Infinitesimal definition of the Poisson process problem

poisson distributionpoisson processstochastic-processes

The infinitesimal definition of the Poisson process is given as follows

$$P(N(t+h)=n|N(t)=m)= \begin{cases}
\lambda h +o(h) & \text{if } n=m+1\\
1- \lambda h +o(h) &\text{if } n=m \\
o(h) & \text{if } n \ge m+2 \\
0 & \text{otherwise}
\end{cases} $$

Here $N(t)$ counts the number of arrivals in the interval $[0,t]$. Also it has rate parameter $\lambda$.

The problem we have is as follows: "Customers arrive at a ticket office as a Poisson process of rate $λ.$ Suppose that
each customer buys a ticket for $£2$. Let $X(t)$ be the amount of money (in
pounds) collected by the ticket office up to time $t$.
Write down an expression for $P(X(t + h) = n | X(t) = m)$ analogous to the
infinitesimal description of the Poisson process. "

I am finding this quite tricky as I don't really like working with the infinitesimal definition.
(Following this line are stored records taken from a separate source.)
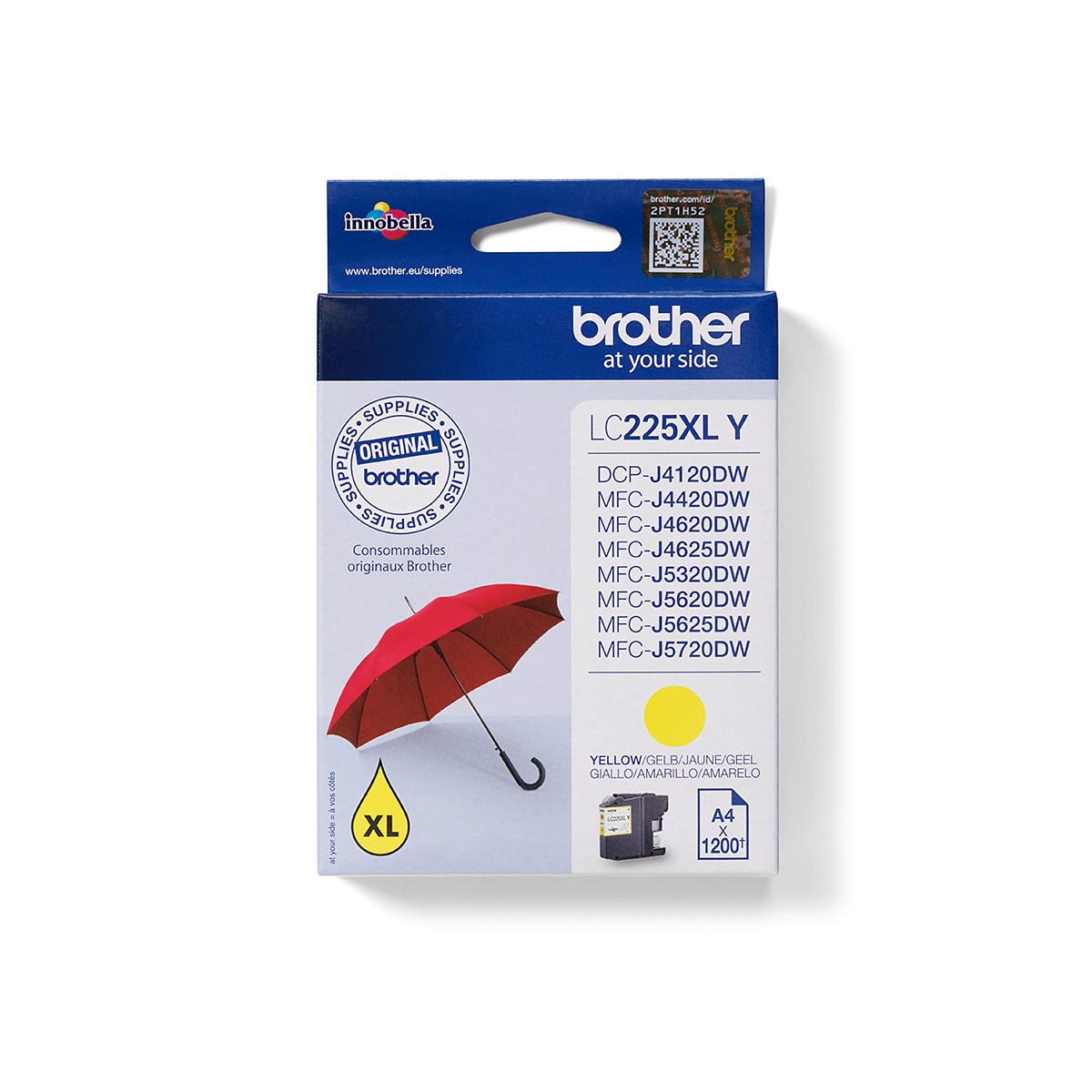 Brother LC225XLY. Tipo di inchiostro a colori: Inchiostro a base di pigmento, Tipo di cartuccia: Resa elevata (XL), Tipo di fornitura: Confezione singola, Resa in pagine dell'inchiostro a colori: 1200 pagine, Colori di stampa: Giallo, Quantità per pacco: 1 pz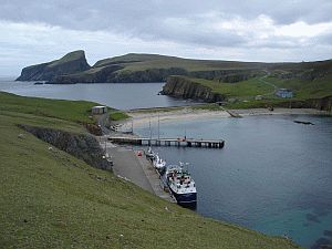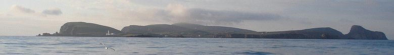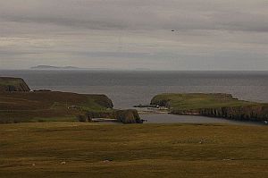 les hautes falaises des Shetland au nord et les courbes arrondies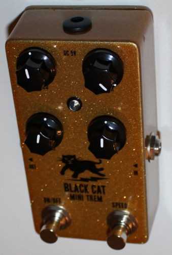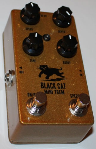 The Black Cat Mini Trem is a dual function tremolo/clean boost in one pedal. Part of the legacy of the original Black Cat line, the new Mini Trem sports some additional features and a spiffy new look. At the heart of this pedal is a classic, sixties-style tremolo with Speed and Depth controls. The circuit also incorporates a clean FET boost with controls for Boost and Tone. Finally, we’ve added a second stomp switch that allows for half-speed/double-speed switching, and an LED that flashes in time with the rate of the tremolo.

My thought process is as follows. $X(t)$ must have parameter $2 \lambda$ as for every arrival the customer spends $£2$, then I think the expression would look like this:
$$P(X(t + h) = n | X(t) = m) = \begin{cases}
2\lambda h +o(h) & \text{if } n=m+1\\
1- 2\lambda h +o(h) &\text{if } n=m \\
o(h) & \text{if } n \ge m+2 \\
0 & \text{otherwise}
\end{cases} $$

This seems somehow "too simple" does anyone know how I should proceed?

Best Answer

$$P(X(t + h) = n | X(t) = m) = \begin{cases} \lambda h +o(h) & \text{if } n=m+2\\ 1- \lambda h +o(h) &\text{if } n=m \\ o(h) & \text{if } n \ge m+2 \\ 0 & \text{otherwise} \end{cases} $$

Note that $X(t)$ characterizes the state of the Markov chain at time $t$.

The state increments by 2 at each transition. The rates remain the same.

The ingredients for a Markov process are

  • states
  • state variables
  • transition rates

you have only one state variable, namely, the cost. You have infinite states, and the transition rates are defined above. From each state, you have only one possible transition, namely, to increment the state variable by 2 units.